● **Working data**:

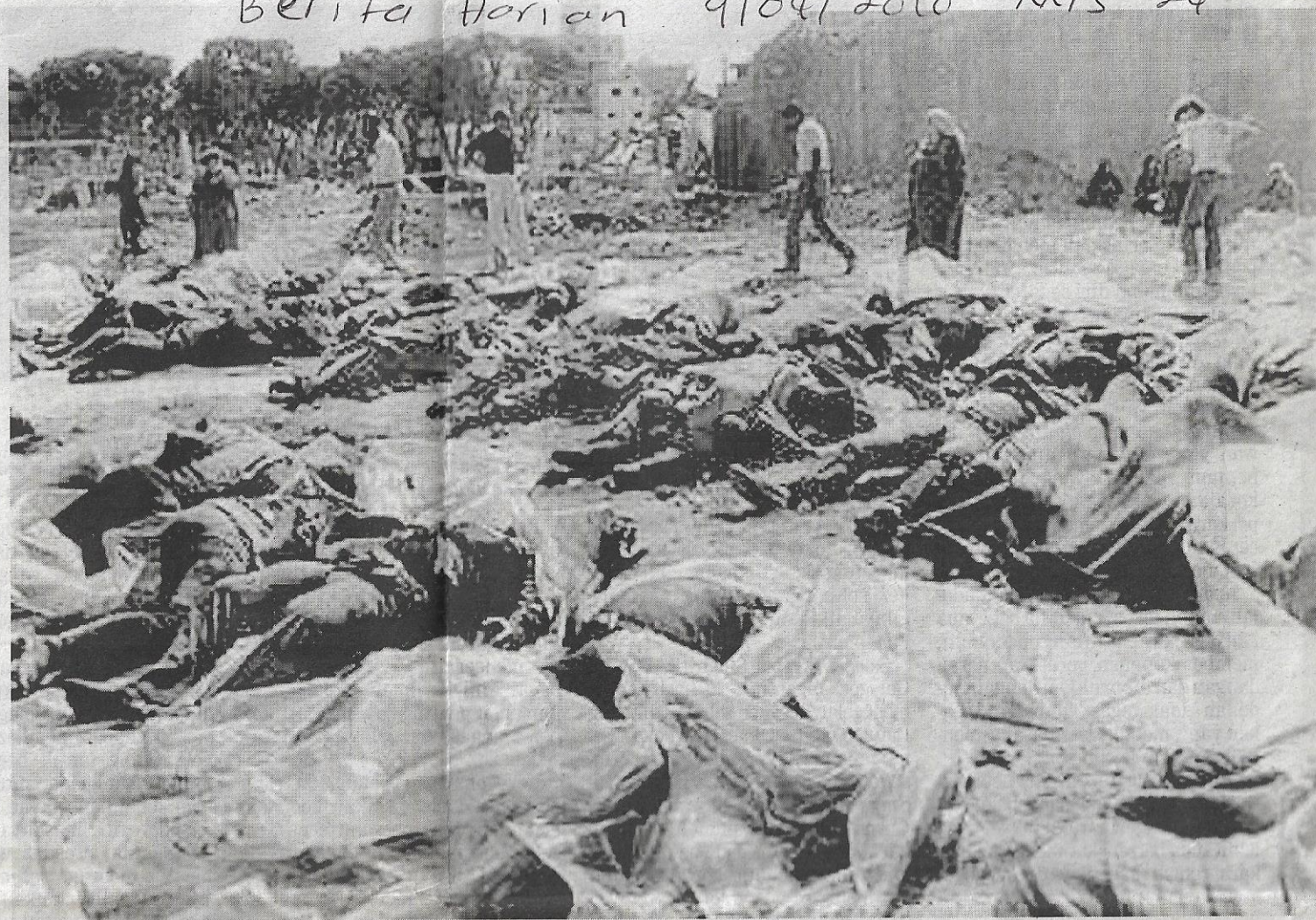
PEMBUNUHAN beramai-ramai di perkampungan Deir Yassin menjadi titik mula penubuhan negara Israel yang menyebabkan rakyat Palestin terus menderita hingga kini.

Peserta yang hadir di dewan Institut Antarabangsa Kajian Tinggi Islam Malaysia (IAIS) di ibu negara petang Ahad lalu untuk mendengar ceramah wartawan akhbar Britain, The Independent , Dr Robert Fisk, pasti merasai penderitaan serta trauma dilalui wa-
...
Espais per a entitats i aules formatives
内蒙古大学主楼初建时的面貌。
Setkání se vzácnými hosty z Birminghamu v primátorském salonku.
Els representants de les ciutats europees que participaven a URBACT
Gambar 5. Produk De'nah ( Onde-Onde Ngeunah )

● **What this task involves**: Taking the entries above, restate exactly those lines that fall between the line with "PEMBUNUHAN beramai-ramai di" and the line with "Peserta yang hadir", keeping both of those lines too.

● **Solution for this problem**:
PEMBUNUHAN beramai-ramai di perkampungan Deir Yassin menjadi titik mula penubuhan negara Israel yang menyebabkan rakyat Palestin terus menderita hingga kini.

Peserta yang hadir di dewan Institut Antarabangsa Kajian Tinggi Islam Malaysia (IAIS) di ibu negara petang Ahad lalu untuk mendengar ceramah wartawan akhbar Britain, The Independent , Dr Robert Fisk, pasti merasai penderitaan serta trauma dilalui wa-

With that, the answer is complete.